When running the same reference sequences files for different reads dataset, the Bowtie2 index files can be produced before to speed up the analysis.
Example using Dengue virus provided reference sequences (that uses only one reference sequences file):

seq_typing.py index --org Dengue virus \
                    --outdir index_out/ \
                    --threads 2

# Run seq_typing using created database
seq_typing.py reads --reference index_out/1_GenotypesDENV_14-05-18.fasta \
                    --fastq sample_1.fq.gz sample_2.fq.gz \
                    --outdir sample_out/ \
                    --threads 2

The following examples show how to use users own reference sequences files. If many samples will be analysed using the same reference sequences file, a preliminary seq_typing.py index step is advisable to be run.
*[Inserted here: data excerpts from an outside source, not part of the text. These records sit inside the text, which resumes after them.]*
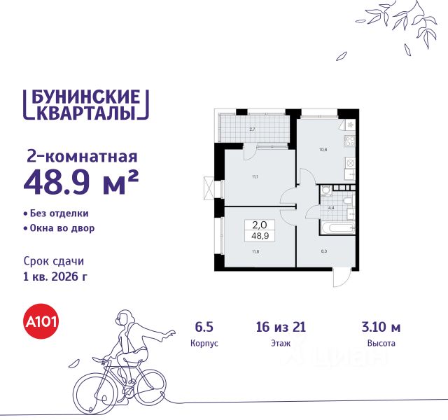 Продаётся 2-комн. квартира площадью 58,8 кв.м на 16 этаже 16 этажного дома (Корпус 2.6/1.1, Секция 1) проекта ПИК Бунинская набережная. Светлый просторный подъезд на уровне земли, функциональная планировка, большие окна, c отделкой. Удобное расположение: 18 минут пешком от м. "Потапово" и 12 минут на автомобиле до станции "Бунинская аллея". 12 минут на автомобиле до трассы Солнцево — Бутово — Варшавское шоссе. 20 минут на автомобиле до МКАД и Калужского шоссе. 1520 минут езды до живописных парков: "Бутовский лесопарк", заказник "Южное Бутово". Особенности проекта Камерный квартал в Новой Москве, на берегу Ивановского пруда. Одна из ключевых особенностей проекта — квартиры с панорамным видом на воду. Архитекторы вдохновились локацией проекта: природные оттенки и активная пластика корпусов напоминают рельефные выступы на берегу, а окна отражают водную гладь, визуально объединяя дома с природой. Преимущества проекта Светлые и просторные лобби с зонами ожидания. Подземный паркинг. Набережная и пешеходная аллея для прогулок. Парк на склоне с игровой зоной. Готовая инфраструктура района: 3 школы, 6 детских садов, взрослая и детская поликлиники. Артикул 968458 (Застройщик ООО СЗ "Стройком")
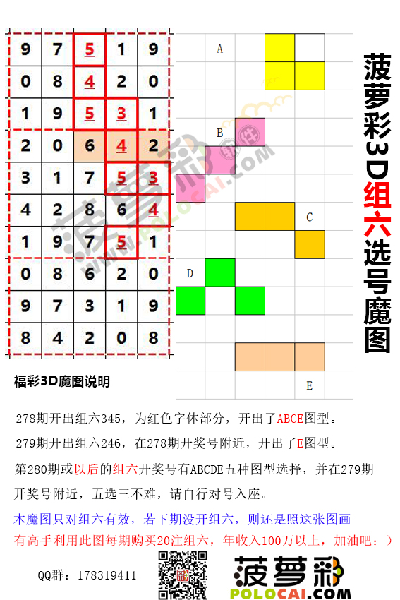 第242期或以后的组六开奖号有ABCDE五种图型选择,并在240期开奖号附近,五选三不难,请自行对号入座。 本魔图只对组六有效,若下期没开组六,则还是照这张图画
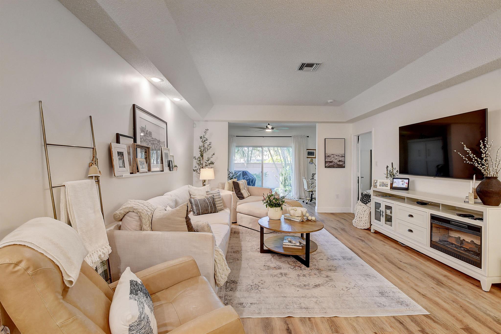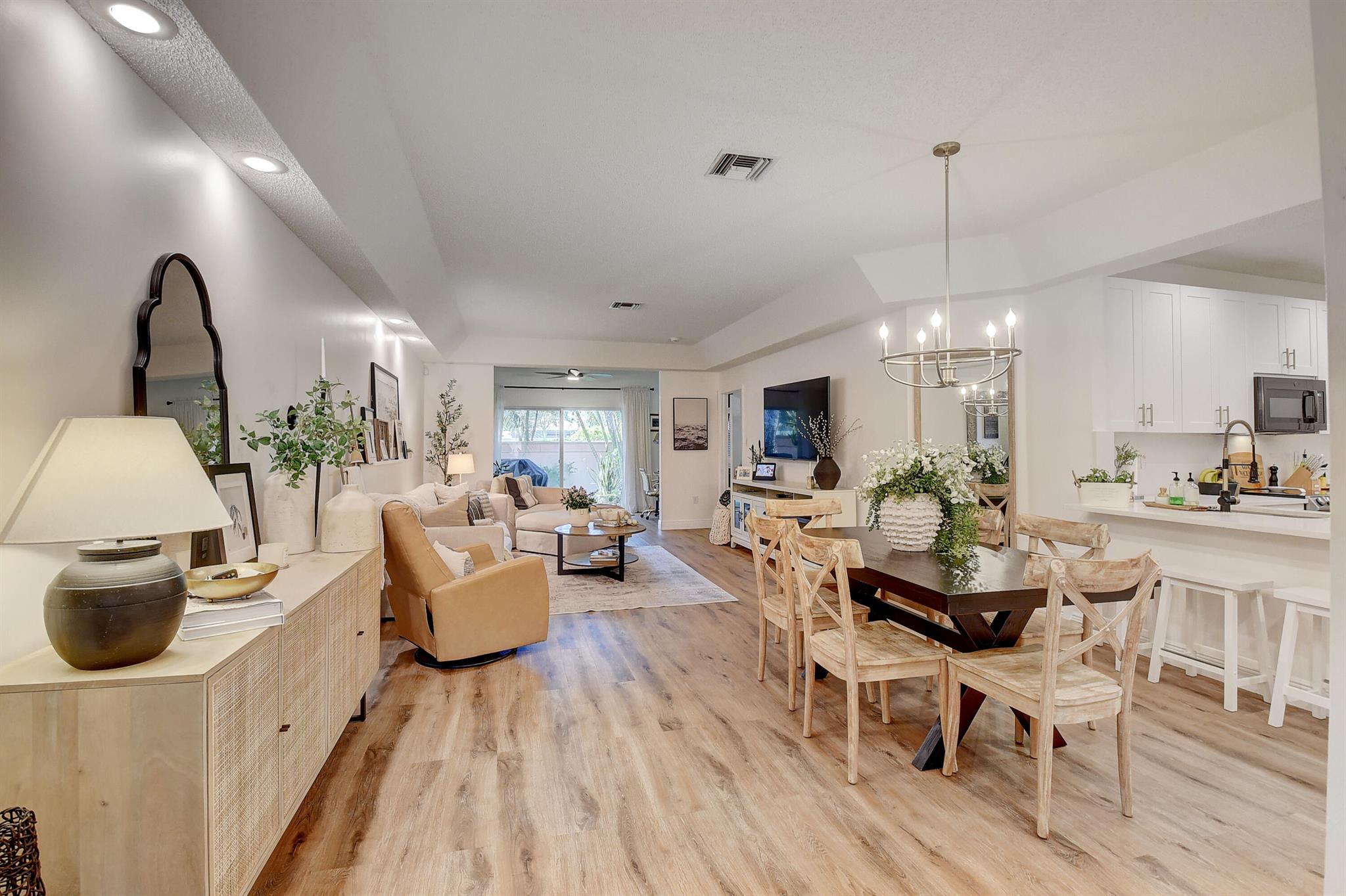 Recently renovated 2/2 condo plus office/ sunroom with and bonus murphy bed. You will feel like you walked into a Better Homes and Gardens feature property when opening the front door. Quartz counters tops, stainless steal appliances and beautiful flooring through out this open and airy floor plan. Only a few minutes walk to the local community pool. Located in the Active 55 and older community of Palm Isles which is just minutes from Delray Beaches Market Place and about 10 mins to Downtown on Atlantic Ave. Palm Isles amenities include multiple tennis and pickleball courts, indoor and outdoor pools great for swimming year round. Rent includes Water, ADT, Cable and internet. Property is available for a seasonal as a furnished seasonal at $4600 monthly.

Run seq_typing without previous construction of reference database:

seq_typing.py reads --reference references/O_type.fasta references/H_type.fasta \
                    --fastq sample_1.fq.gz sample_2.fq.gz \
                    --outdir sample_out/ \
                    --threads 2

Run seq_typing with a preliminary step for Bowtie2 index production (useful when running multiple samples with the same reference sequences file):

# Preliminary step for Bowtie2 index construction.
seq_typing.py index --reference references/O_type.fasta references/H_type.fasta \
                    --outdir index_out/ \
                    --threads 2

# Run seq_typing using created database
seq_typing.py reads --reference index_out/O_type.fasta index_out/H_type.fasta \
                    --fastq sample_1.fq.gz sample_2.fq.gz \
                    --outdir sample_out/ \
                    --threads 2
Assemblies

Type Dengue virus using assemblies with provided reference sequences (uses only one reference sequences file):

seq_typing.py assembly --org Dengue virus \
                       --fasta sample.fasta \
                       --outdir sample_out/ \
                       --threads 2

When running the same database for different samples, a single Blast database should be produce first to speed up the analysis.
Example using Escherichia coli provided reference sequences (that uses two reference sequences files):

seq_typing.py blast --org Escherichia coli \
                    --outdir db_out/

# Run seq_typing using created database
seq_typing.py assembly --blast db_out/1_O_type.fasta db_out/2_H_type.fasta \
                       --type nucl \
                       --fasta sample.fasta \
                       --outdir sample_out/ \
                       --threads 2

For users own reference sequences files, seq_typing requires the construction of the reference database. seq_typing will construct the reference DB while analysing the sample's sequences. If many samples will be analysed using the same reference sequences file, a preliminary seq_typing.py blast step is advisable to be run.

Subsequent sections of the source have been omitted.